▶ [INFORMATION]
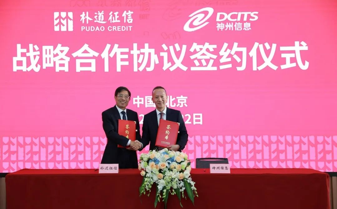 2022年9月22日,朴道征信与神州信息签署战略合作框架协议并在京举行签约仪式。朴道征信有限公司董事长赵以邗、副总经理金波、曹强、市场拓展部总监李智、数据管理部高级专家闫蕾,神州信息总裁李鸿春、副总裁马洪杰、王宇飞、集团战略发展部副总经理张勇华、农业BG副总经理刘烨、中小微金融部总经理辛园出席签约仪式。朴道征信赵以邗董事长、神州信息李鸿春总裁分别代表双方签署协议。
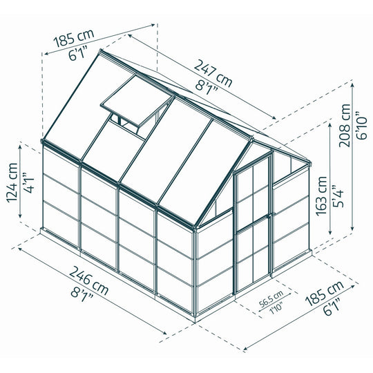 Palram - Canopia | 6x4 Ft Hybrid Greenhouse Kit - Green With 0.8mm Polycarbonate Glazing
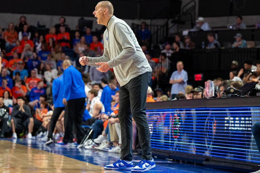 Kentucky head coach Mark Pop yells at his players during the first half of an NCAA college basketball game against Florida, Saturday, Feb. 14, 2026 at Exactech Arena in Gainesville, Fla.
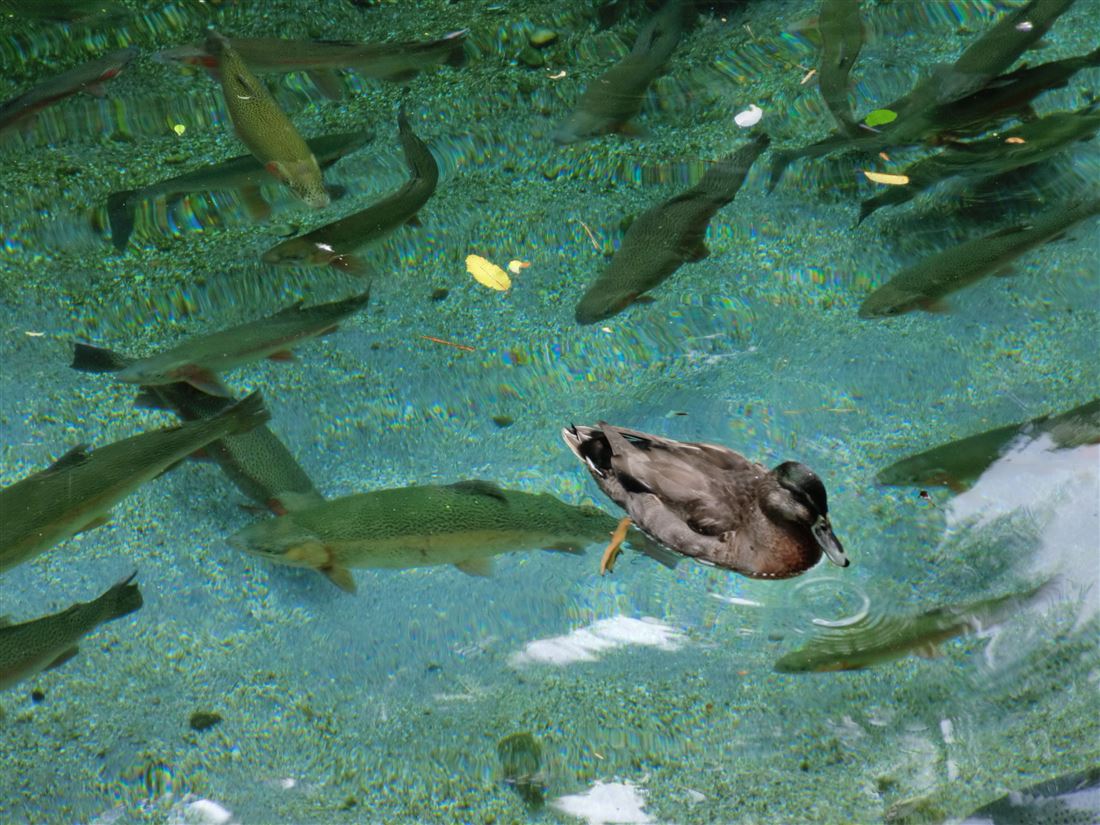 園内には綺麗な泉が湧き、野生のニジマスが泳ぎます。
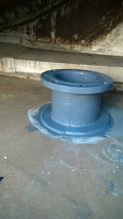 8" Water lines from the condenser to the Power Plant were failing due to corrosion and while the customer was in the process of replacing all interior and exterior 8" lines, the customer discovered the connecting line that went underground into the facility was the root and major source of leaks of the orginal problem. Downtime and cost was a huge issue. There were two flanges that were return lines into the plant. The issue was more extreme than predicted and the customer was concerned about the pipe completely breaking at the base of the concrete or pull apart.

▶ [EXERCISE INSTRUCTIONS]
Print an exact copy of the lines above, from the one containing "Kentucky head coach" through the one containing "園内には綺麗な泉が湧き、野生のニジマスが泳ぎます。", and leave out the pictures.

▶ [TASK ANSWER]
 Kentucky head coach Mark Pop yells at his players during the first half of an NCAA college basketball game against Florida, Saturday, Feb. 14, 2026 at Exactech Arena in Gainesville, Fla.
 園内には綺麗な泉が湧き、野生のニジマスが泳ぎます。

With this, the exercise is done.